# Fishing/boating advice



## jdetty (Sep 5, 2006)

Hello to everyone out there reading or listening, 
I am new to the P&S community and am looking for some advice. I just recently purchased a 19' deep v and am lookiing to expand my fishing ops. I have fished the mm bridge am only catching croaker. I guess I should be thankful I am catching anything at all, but am lookiing for a change. I am using squid. Is there another location close or is it just a matter of changing bait. Thanks J


----------



## BrokenRod (Sep 6, 2004)

might wanna try the boating board. and there are millions of other bait options. Welcome to the board


----------



## Dae (Jun 25, 2002)

Atleast your catching something.  

Not being familiar with the area your fishing or what types of fish you want to catch, take my advise with a grain of salt and my advise is very general.

1st, if you don't have a decent fish finder, get one and learn how to use it. 2nd, if fishing inshore, try light tackle jigging and 3rd, troll for larger fish.

If you're planning on just bottom fishing with bait, try live lineing with spot. For flounder, you want to get a decent flounder rig and use minnows with a strip of squid and drift over drop offs.

Good Luck!!

- Dae


----------



## catman (May 28, 2001)

Like Dea said, a fish finder is an absolute. Buy the very best you can afford and learn to use it well. Without one you're just shooting holes in the water. The next thing is to get a Chart/GPS. This will allow you to mark productive areas so you can come back to them. It will also give you the ability to locate structure and drop-offs.  These two pieces of electronics will turn your fishing trips into catching trips. Once you learn to use them well you'll never fish any other way.


----------



## bbcroaker (Jan 6, 2005)

Seems like years ago before the fishfinder I had better luck with catching fish and we just put an X on side of the boat to mark the spot.


----------



## catman (May 28, 2001)

bbcroaker said:


> Seems like years ago before the fishfinder I had better luck with catching fish and we just put an X on side of the boat to mark the spot.

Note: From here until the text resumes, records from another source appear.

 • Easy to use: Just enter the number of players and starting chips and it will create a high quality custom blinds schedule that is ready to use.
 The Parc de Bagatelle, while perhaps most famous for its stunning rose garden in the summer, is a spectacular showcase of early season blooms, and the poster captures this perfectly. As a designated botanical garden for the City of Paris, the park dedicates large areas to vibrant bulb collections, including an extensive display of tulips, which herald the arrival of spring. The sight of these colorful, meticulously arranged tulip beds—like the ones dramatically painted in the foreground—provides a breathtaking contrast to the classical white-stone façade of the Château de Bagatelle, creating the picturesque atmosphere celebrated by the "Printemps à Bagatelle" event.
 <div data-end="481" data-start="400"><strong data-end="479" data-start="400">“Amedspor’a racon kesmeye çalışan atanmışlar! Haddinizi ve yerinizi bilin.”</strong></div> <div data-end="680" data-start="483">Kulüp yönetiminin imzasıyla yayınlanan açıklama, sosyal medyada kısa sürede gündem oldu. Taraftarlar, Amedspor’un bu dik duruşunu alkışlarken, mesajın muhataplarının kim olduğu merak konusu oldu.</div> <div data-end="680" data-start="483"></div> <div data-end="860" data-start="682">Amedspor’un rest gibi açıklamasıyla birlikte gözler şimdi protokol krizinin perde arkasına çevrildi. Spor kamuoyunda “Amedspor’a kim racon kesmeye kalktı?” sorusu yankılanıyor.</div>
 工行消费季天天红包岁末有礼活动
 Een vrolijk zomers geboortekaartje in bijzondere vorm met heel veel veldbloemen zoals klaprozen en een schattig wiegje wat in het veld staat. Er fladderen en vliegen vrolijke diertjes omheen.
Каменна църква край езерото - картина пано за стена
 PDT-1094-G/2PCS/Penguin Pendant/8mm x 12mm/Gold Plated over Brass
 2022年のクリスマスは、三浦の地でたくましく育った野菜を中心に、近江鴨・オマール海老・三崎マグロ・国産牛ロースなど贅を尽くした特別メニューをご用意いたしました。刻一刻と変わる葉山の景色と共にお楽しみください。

Years ago you didn't need a fish finder, there were more fish. My boat has an X on it. It marks the location of my transducer. Actually there are 2 X's, one for each transducer.


----------



## mlbowman1 (May 19, 2006)

If you go to the Hampton tunnel you should be able to catch some big flatties using live spot. Drift over the tunnel and along the channel edges, you'll find them. It took me several trips with my boat to find places to go where and when.


----------